Main Points :
- Bitcoin price dip draws heavy BTC accumulation by major miners and institutional players
- Nasdaq-listed Webus leverages Ripple/XRP to unify fragmented loyalty point systems
- Ant Group launches “Jovay,” a compliance-first Ethereum Layer-2 aiming at large-scale RWA tokenization
- Broader trends: institutional entry, DeFi → CeFi bridges, regulatory focus, and real-asset on-chain growth potential
1. Bitcoin Decline as a Buying Opportunity
In mid-October 2025, analysts observed that Bitcoin was trading near $111,500, while Ethereum hovered around $3,960 and Solana at $193. The total cryptocurrency market capitalization stood at approximately $3.87 trillion, and Bitcoin’s dominance was about 59.3 % in the market. (These figures reflect recent market snapshots.)

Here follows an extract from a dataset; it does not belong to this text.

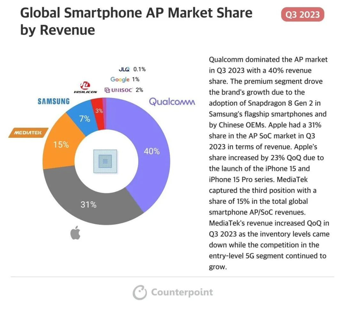 近日市场研究机构Counterpoint Research发布了关于2023年第3季度(7-9月)全球半导体、晶圆代工份额和智能手机应用处理器(AP)份额报告,来看看智能手机SoC都是哪家份额更多~

Amid this dip, some large miners and corporate holders responded with aggressive accumulation strategies. For example, Marathon Digital (which recently rebranded as MARA Holdings, Inc.) continues to expand its Bitcoin treasury.
In a notable move, MARA announced a $2 billion “at-the-market” stock offering to raise capital for further Bitcoin purchases. The firm also revealed that it holds over 48,000 BTC, worth more than $5 billion, making it the second-largest public corporate holder of Bitcoin.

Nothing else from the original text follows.